Уборкой в покоях господина занимались женщины, только им было позволено выметать сор, обмахивать пыль со стен, только они носили ему чаши с вареным мясом или пиалы с питьем.

Однажды Михаилу выпал случай заглянуть и за высокие заветные двери. Слуга Ахмед приказал ему отнести резную низкую скамеечку из черного дерева, а куда нести - не сказал, вот и направился Михаил со своей ношей прямо в господские покои.

Он оказался в полумраке и тишине - слабый свет проступал через одно маленькое оконце, однако, приглядевшись, он ясно все различил. Перед ним, всего в трех шагах, располагался дверной проем, ведущий в соседний покой, завешенный плотным пологом. Вдоль стен стояли какие-то сосуды с длинными узкими горлами, в нишах - серебряная посуда, а в углу горкой лежало несколько книг.

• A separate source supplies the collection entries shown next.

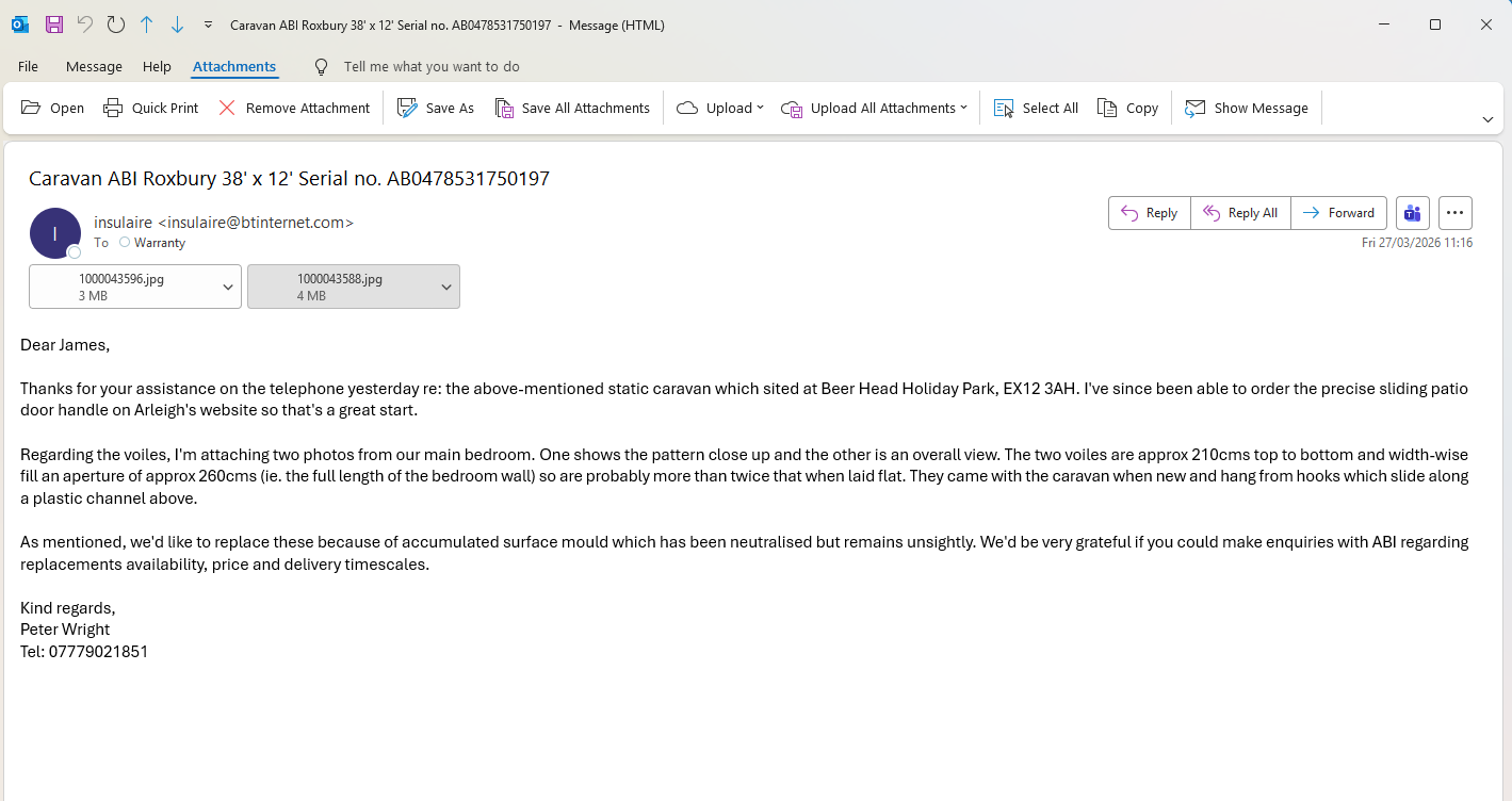 James Eginton added a comment - Parts enquiry submitted to ABI.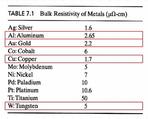 이러한 배선 공정에서 필요한 것은 낮은 비저항 (voltage drop과 RC delay를 최소화 하기 위해서), long-term reliability, thermal/chemical stability입니다. 또한 공정 난이도를 줄이기 위해서 패터닝이 쉬운 금속 물질, 저비용인 물질일수록 좋습니다.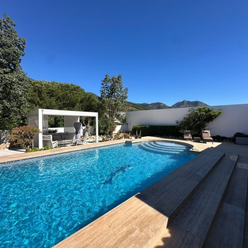 Located in the serene enclave of Torremuelle, this detached villa offers an unmatched blend of luxury and tranquility. Nestled along the Costa del Sol, this villa boasts breathtaking panoramic views of the Mediterranean Sea, complemented by lush greenery and picturesque surroundings. The villa's modern design is seamlessly integrated into the natural landscape, featuring expansive glass walls, spacious terraces, and open-plan living areas that bathe the interior with natural light.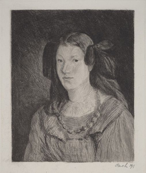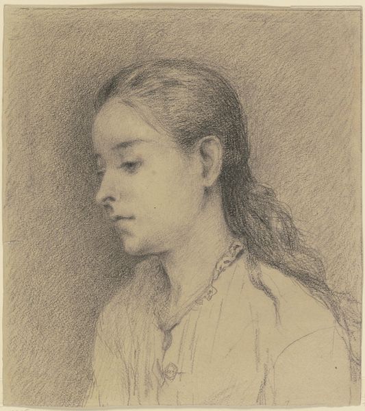 Curator: Here we have Mark Gertler’s pencil drawing, "Sketch for ‘The Servant Girl’", now part of the Tate collection. Editor: The texture! The simple lines really capture a sense of weariness and quiet dignity in her posture. Curator: Absolutely. Consider the social context. Gertler, the son of Jewish immigrants, was deeply aware of class divisions. This work invites us to consider the lives of domestic workers, their labor, and their visibility, or lack thereof, in Edwardian society. Editor: The very act of sketching emphasizes the material realities—the graphite on paper, the artist's hand, the sitter's stillness as labor. It's a study in quiet labor and material presence. Curator: It makes you question the power dynamics inherent in portraiture itself. Whose gaze are we adopting, and what does it mean to represent someone from a different social stratum? Editor: I appreciate how this sketch brings the labor involved in both the making and the subject of the work to the surface. Curator: Indeed, there is much to reflect on regarding labor, representation, and social structure here.

Как только Михаил увидел книги, сердце его трепетно забилось, а все тело стала сотрясать нервная дрожь. Он метнулся к углу, схватил первую попавшуюся книгу и чуть не закричал от радости - это оказалось Евангелие. Его Евангелие! Едва он собрался сунуть его под рубашку, за веревку штанов, как услышал осторожный шорох. Он положил книгу на прежнее место и одним прыжком возвратился к скамье.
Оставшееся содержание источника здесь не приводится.